*Prompt*. In the records that follow, find the line containing "Murais de parede" and the line containing "Fassadenbefestiger, ermöglicht die", then transcribe both and every line between them exactly, omitting pictures.
== Working data
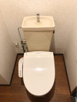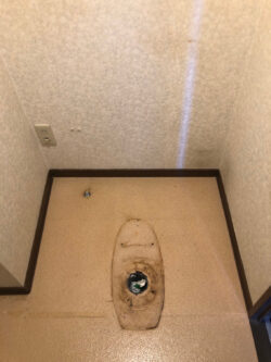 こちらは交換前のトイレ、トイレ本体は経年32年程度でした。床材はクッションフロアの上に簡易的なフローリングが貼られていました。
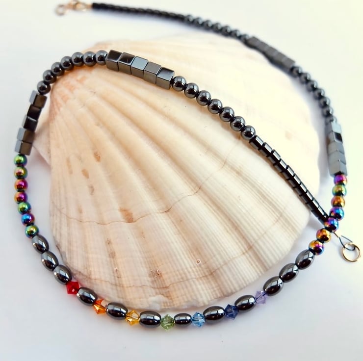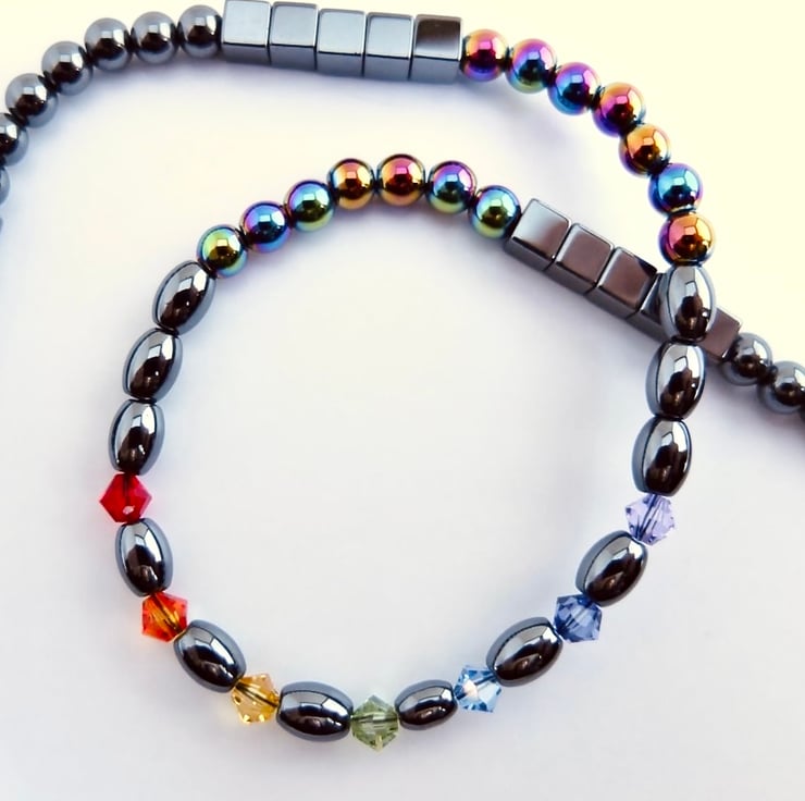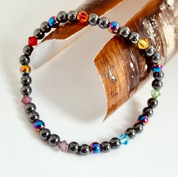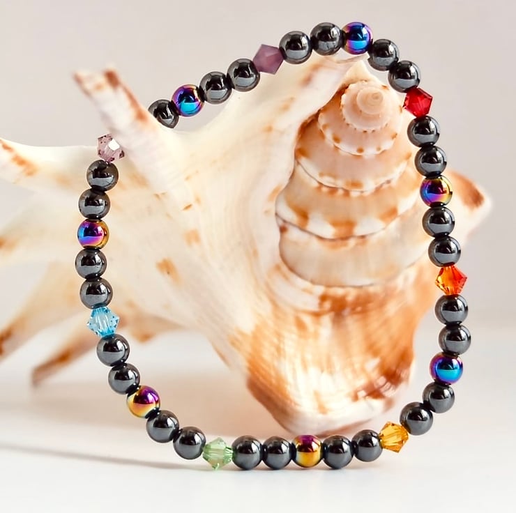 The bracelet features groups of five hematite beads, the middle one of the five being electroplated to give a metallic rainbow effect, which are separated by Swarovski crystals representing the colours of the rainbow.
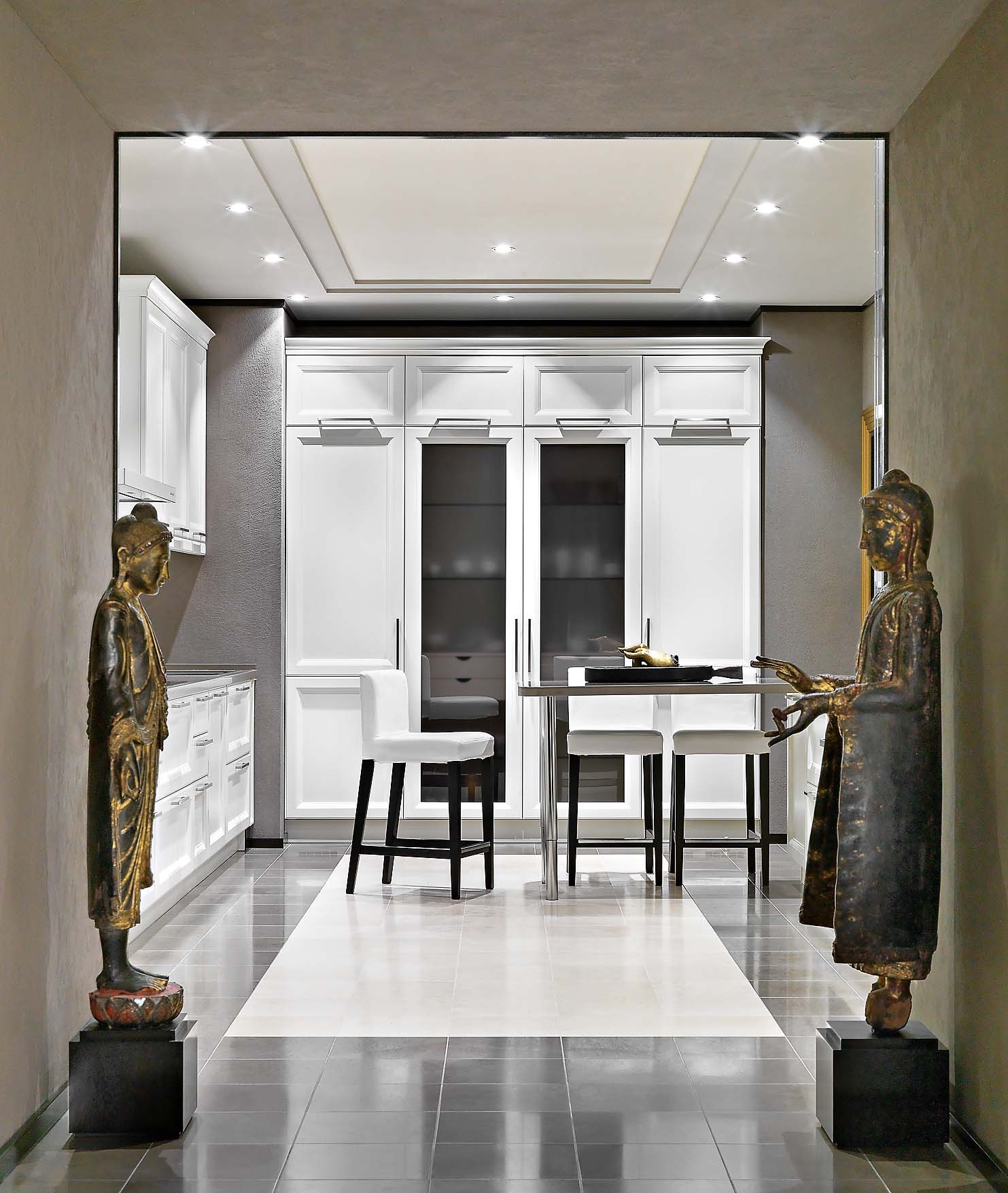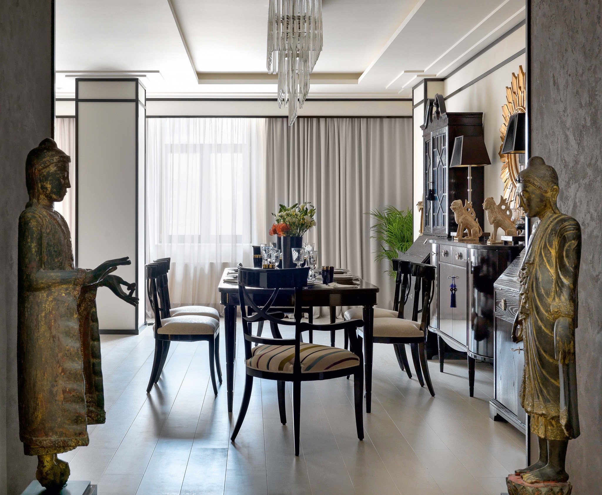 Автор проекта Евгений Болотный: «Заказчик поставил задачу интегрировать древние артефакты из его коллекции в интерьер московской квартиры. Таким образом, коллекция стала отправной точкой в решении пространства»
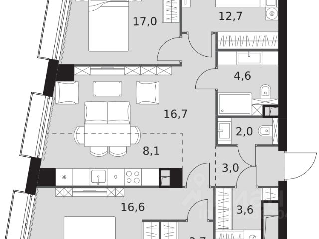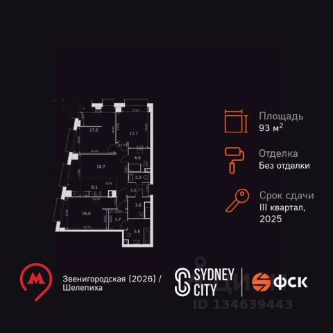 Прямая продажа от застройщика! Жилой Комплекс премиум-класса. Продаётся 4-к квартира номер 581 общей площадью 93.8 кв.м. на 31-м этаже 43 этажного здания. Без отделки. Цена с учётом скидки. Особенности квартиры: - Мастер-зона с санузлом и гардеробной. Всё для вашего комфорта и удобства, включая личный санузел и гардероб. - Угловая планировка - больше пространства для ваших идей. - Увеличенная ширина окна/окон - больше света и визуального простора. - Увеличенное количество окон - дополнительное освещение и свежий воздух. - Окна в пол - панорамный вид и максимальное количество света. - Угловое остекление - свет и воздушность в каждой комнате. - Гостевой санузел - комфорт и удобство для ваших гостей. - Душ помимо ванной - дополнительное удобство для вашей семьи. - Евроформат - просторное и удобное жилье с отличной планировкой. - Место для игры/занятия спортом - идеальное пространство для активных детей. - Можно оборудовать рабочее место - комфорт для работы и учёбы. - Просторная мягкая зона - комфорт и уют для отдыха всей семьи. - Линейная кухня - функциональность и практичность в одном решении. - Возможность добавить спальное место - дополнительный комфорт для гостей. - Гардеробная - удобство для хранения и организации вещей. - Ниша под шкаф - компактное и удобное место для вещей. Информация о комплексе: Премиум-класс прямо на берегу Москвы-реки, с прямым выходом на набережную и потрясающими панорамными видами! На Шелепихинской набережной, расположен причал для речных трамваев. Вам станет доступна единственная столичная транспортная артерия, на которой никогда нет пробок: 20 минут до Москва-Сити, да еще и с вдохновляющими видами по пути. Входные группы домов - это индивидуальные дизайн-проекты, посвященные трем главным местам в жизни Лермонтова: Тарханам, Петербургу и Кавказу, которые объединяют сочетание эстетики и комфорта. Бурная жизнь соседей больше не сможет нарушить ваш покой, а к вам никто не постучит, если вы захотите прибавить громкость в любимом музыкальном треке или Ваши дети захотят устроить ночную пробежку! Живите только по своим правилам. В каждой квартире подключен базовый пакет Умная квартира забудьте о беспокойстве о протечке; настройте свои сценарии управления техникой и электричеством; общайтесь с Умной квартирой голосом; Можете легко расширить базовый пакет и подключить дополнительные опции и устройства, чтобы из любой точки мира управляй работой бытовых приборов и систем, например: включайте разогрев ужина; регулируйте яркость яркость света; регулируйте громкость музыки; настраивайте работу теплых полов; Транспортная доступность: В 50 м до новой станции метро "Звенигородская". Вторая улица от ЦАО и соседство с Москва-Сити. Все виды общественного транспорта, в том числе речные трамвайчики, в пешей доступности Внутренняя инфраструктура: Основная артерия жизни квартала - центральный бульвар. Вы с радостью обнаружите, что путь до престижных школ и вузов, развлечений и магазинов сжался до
====
== Working data
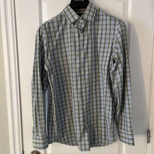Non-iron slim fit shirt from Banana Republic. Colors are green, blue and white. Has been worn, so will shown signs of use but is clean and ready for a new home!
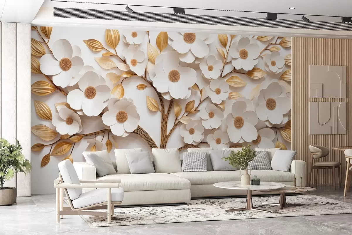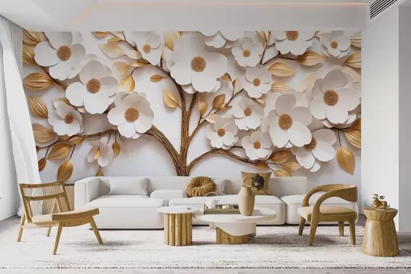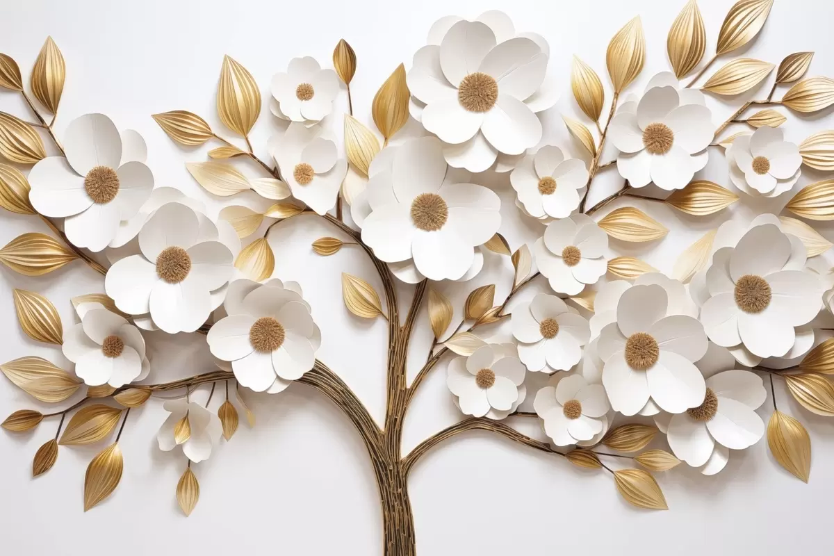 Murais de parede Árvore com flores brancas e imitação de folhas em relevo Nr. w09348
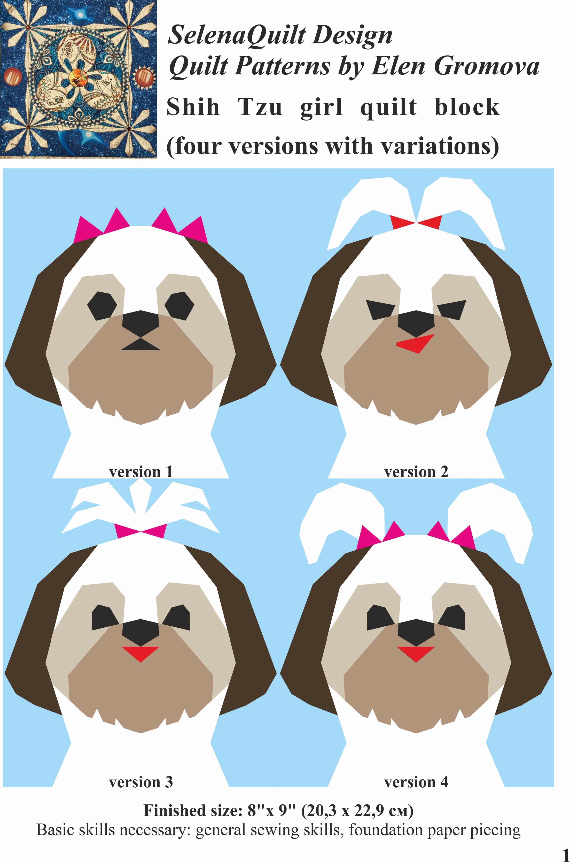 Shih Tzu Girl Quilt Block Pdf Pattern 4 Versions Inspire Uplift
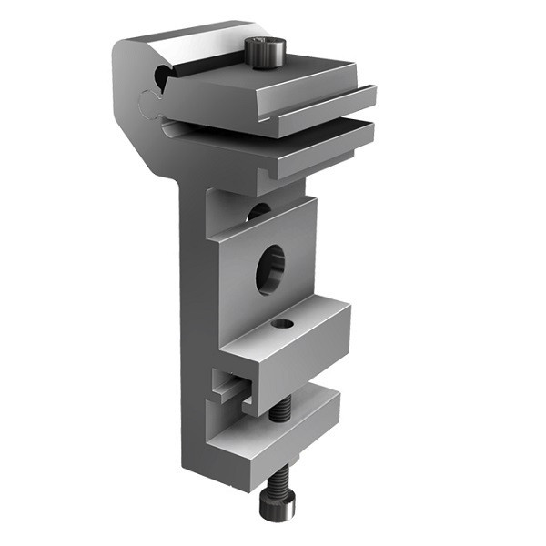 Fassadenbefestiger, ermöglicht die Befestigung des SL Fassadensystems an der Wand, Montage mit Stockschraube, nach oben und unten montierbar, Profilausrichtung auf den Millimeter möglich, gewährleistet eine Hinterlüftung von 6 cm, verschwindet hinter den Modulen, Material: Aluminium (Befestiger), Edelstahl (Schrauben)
====
*Exercise response*.
 Murais de parede Árvore com flores brancas e imitação de folhas em relevo Nr. w09348
 Shih Tzu Girl Quilt Block Pdf Pattern 4 Versions Inspire Uplift
 Fassadenbefestiger, ermöglicht die Befestigung des SL Fassadensystems an der Wand, Montage mit Stockschraube, nach oben und unten montierbar, Profilausrichtung auf den Millimeter möglich, gewährleistet eine Hinterlüftung von 6 cm, verschwindet hinter den Modulen, Material: Aluminium (Befestiger), Edelstahl (Schrauben)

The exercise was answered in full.